System integrators (and plant engineers) often put together HMI displays based on their own designs and experience. The same holds true for computer programmers building programs that require input from and display results to “mere mortals.” In the “old days,” there were two ways to build HMI displays: one was to have the engineer guess what the operator needed and wanted. The other was to have the engineer stand over the operator and observe the operator’s actions to see if the HMI display was working properly. In the former scenario, the chances that the operators would embrace the output of an engineer who “wasn’t one of us” were slim. In the latter scenario, a lot of time consuming observation yielded marginal results.

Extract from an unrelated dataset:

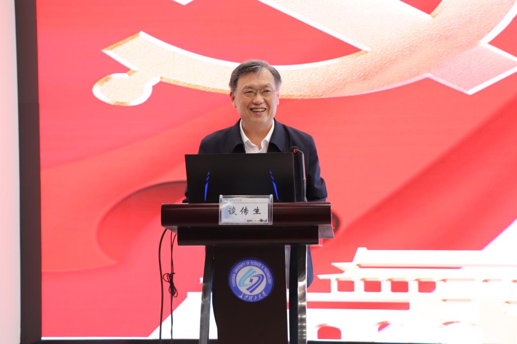 本次党课以《端正入党动机,加强党性修养》为题。正值中国共产主义青年团成立一百周年,谈传生提出,党员发展对象首先要履行共青团员的责任与义务,中国共青团是党的后备军,初心和使命是坚定不移跟党走,为党和人民而奋斗。他指出端正入党动机重要的是牢记党的教育,立志民族复兴,努力做好“三个不负”,要做社会主义核心价值观的坚定信仰者、积极传播者、模范践行者。他详细讲述了中共一大13位代表的故事,来阐释坚定理想信念的重要性、端正入党动机的含义极其重要意义。针对当代大学生不良入党动机及其纠正,谈传生从理论学习补钙、实践锻炼“强筋”、传统文化“提气”三个方面展开讲述如何加强党性修养。

For example, many HMI displays use high resolution graphics, 3D icons, flashing colors and other modern techniques to display information. But do operators actually use these displays? Or are they only used when VIPs are touring the control room or an engineer is watching? Analysis of operator actions might reveal that operators actually prefer a simple faceplate display to exotic graphics and, as soon as the design engineers leave the control room, they switch over to the tried-and-true displays. If so, then the display engineers should concentrate on improving those displays instead of developing “VIP displays.”
With a Console Recorder, the engineer can zero in on particular operations, alarms and events and see what was displayed and how the operator reacted. In this learning environment, the designer can quickly determine if the man-machine interface display and command sequence is clear and unambiguous. In the spirit of Kaizen, or continuous improvement, the engineer can use these console recordings to refine the data display and command entry techniques. Better yet, the recordings can show the designer what happened during unusual events: things that would be difficult to observe unless you were living in the control room, but easy to observe because the Console Recorder captured the “game highlight.”
Integrators who use console recorders to demonstrate their commitment to continuous improvement can develop a competitive advantage and additional value for their clients.